EXERCISE OBJECTIVE
Scan the records beneath this line for the line holding "一位网友分享他刚刚拍到的视频" and the line holding "после того, как", then transcribe exactly those two and all lines between.

(Records drawn from a dataset)
━━━━━━━━
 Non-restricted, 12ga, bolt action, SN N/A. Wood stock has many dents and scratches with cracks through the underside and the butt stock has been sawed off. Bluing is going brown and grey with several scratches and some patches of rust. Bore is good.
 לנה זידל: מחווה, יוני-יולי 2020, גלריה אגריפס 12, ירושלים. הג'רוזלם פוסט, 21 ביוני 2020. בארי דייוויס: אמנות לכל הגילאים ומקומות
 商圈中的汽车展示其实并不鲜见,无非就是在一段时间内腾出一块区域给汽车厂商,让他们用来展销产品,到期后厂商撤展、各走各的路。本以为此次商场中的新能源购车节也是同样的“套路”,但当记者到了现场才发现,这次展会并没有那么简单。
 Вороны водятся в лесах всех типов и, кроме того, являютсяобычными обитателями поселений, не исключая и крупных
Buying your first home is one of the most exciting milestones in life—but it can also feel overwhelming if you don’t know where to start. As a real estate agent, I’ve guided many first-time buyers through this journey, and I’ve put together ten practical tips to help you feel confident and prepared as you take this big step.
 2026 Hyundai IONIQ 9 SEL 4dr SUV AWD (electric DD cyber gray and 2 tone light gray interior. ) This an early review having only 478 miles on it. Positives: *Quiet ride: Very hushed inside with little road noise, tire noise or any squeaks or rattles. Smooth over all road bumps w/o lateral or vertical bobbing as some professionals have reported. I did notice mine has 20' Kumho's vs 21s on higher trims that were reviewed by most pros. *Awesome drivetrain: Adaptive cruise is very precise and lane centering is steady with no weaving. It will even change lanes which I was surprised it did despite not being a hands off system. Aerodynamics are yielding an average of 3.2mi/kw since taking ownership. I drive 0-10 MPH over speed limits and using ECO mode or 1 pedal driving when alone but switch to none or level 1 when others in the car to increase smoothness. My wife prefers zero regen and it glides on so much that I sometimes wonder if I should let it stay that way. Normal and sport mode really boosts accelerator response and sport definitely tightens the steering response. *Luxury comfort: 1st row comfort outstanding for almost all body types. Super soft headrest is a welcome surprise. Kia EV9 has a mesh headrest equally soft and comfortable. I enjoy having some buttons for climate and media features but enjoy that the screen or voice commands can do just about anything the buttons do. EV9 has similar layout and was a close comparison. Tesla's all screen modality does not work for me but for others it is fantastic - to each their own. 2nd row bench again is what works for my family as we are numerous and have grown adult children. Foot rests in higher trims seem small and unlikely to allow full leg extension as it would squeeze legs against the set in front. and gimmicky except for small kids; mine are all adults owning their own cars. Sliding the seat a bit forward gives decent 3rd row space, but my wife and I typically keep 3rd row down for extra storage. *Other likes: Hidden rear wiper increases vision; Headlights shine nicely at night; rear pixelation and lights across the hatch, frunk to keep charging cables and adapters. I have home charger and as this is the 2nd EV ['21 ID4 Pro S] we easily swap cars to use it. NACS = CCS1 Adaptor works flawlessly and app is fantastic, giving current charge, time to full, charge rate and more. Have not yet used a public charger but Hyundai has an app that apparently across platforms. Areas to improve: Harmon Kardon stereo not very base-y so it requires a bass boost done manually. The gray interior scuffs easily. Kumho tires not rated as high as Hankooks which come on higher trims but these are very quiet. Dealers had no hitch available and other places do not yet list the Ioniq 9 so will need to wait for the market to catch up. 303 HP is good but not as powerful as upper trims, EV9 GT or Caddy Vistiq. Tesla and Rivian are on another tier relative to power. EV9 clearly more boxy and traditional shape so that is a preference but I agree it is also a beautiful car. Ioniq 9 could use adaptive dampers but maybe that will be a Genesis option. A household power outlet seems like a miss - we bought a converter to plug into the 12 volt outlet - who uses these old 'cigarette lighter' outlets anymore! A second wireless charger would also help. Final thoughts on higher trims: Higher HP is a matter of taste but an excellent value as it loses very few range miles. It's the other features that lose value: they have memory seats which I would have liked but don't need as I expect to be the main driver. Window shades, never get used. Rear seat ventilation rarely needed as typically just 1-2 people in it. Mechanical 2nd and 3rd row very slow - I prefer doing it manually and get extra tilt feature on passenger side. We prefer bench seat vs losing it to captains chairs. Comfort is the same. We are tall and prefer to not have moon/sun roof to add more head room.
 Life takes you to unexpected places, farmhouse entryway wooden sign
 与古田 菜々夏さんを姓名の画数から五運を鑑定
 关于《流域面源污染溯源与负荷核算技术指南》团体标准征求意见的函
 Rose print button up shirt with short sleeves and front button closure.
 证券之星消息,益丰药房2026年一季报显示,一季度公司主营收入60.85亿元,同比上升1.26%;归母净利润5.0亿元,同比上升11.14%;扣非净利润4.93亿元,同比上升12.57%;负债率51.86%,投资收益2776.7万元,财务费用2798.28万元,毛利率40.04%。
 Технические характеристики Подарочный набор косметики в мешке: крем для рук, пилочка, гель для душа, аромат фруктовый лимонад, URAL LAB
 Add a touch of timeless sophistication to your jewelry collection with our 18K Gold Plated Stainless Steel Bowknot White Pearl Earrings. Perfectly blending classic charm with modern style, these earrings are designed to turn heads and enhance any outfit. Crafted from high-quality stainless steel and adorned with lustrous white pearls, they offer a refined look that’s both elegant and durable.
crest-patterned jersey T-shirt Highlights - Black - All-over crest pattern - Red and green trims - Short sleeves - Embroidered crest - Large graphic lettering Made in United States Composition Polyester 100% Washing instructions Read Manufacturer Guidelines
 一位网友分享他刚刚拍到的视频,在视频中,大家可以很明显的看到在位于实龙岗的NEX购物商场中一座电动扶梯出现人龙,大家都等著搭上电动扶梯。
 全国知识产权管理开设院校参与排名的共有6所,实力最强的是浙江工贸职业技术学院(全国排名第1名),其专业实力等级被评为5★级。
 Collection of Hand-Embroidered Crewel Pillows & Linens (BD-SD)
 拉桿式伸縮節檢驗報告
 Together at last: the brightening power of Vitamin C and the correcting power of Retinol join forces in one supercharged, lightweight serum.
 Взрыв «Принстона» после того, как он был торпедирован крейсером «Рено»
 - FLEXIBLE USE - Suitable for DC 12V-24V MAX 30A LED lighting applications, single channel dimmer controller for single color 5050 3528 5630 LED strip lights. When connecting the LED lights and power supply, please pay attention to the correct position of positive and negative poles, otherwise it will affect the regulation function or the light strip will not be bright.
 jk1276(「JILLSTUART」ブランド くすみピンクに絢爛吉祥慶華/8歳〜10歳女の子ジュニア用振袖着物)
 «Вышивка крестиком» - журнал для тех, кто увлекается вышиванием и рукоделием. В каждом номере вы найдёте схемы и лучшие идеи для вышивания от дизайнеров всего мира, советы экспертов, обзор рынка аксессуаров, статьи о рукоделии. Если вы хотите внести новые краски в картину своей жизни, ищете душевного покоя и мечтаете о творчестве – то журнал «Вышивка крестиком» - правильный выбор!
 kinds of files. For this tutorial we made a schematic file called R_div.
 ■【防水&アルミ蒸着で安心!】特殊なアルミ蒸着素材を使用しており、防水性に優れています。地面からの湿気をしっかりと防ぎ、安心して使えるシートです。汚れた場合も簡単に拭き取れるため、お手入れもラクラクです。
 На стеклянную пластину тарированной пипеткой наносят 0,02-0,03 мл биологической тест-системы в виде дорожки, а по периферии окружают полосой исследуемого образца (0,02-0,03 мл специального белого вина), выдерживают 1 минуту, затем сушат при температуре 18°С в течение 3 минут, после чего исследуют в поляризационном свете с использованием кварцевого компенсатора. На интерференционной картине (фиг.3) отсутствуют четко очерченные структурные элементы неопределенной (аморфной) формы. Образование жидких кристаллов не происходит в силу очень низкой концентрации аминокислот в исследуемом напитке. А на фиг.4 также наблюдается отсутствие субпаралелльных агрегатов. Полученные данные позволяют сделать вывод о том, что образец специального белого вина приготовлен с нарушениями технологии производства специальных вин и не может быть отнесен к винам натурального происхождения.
━━━━━━━━
ANSWER SPACE
 一位网友分享他刚刚拍到的视频,在视频中,大家可以很明显的看到在位于实龙岗的NEX购物商场中一座电动扶梯出现人龙,大家都等著搭上电动扶梯。
 全国知识产权管理开设院校参与排名的共有6所,实力最强的是浙江工贸职业技术学院(全国排名第1名),其专业实力等级被评为5★级。
 Collection of Hand-Embroidered Crewel Pillows & Linens (BD-SD)
 拉桿式伸縮節檢驗報告
 Together at last: the brightening power of Vitamin C and the correcting power of Retinol join forces in one supercharged, lightweight serum.
 Взрыв «Принстона» после того, как он был торпедирован крейсером «Рено»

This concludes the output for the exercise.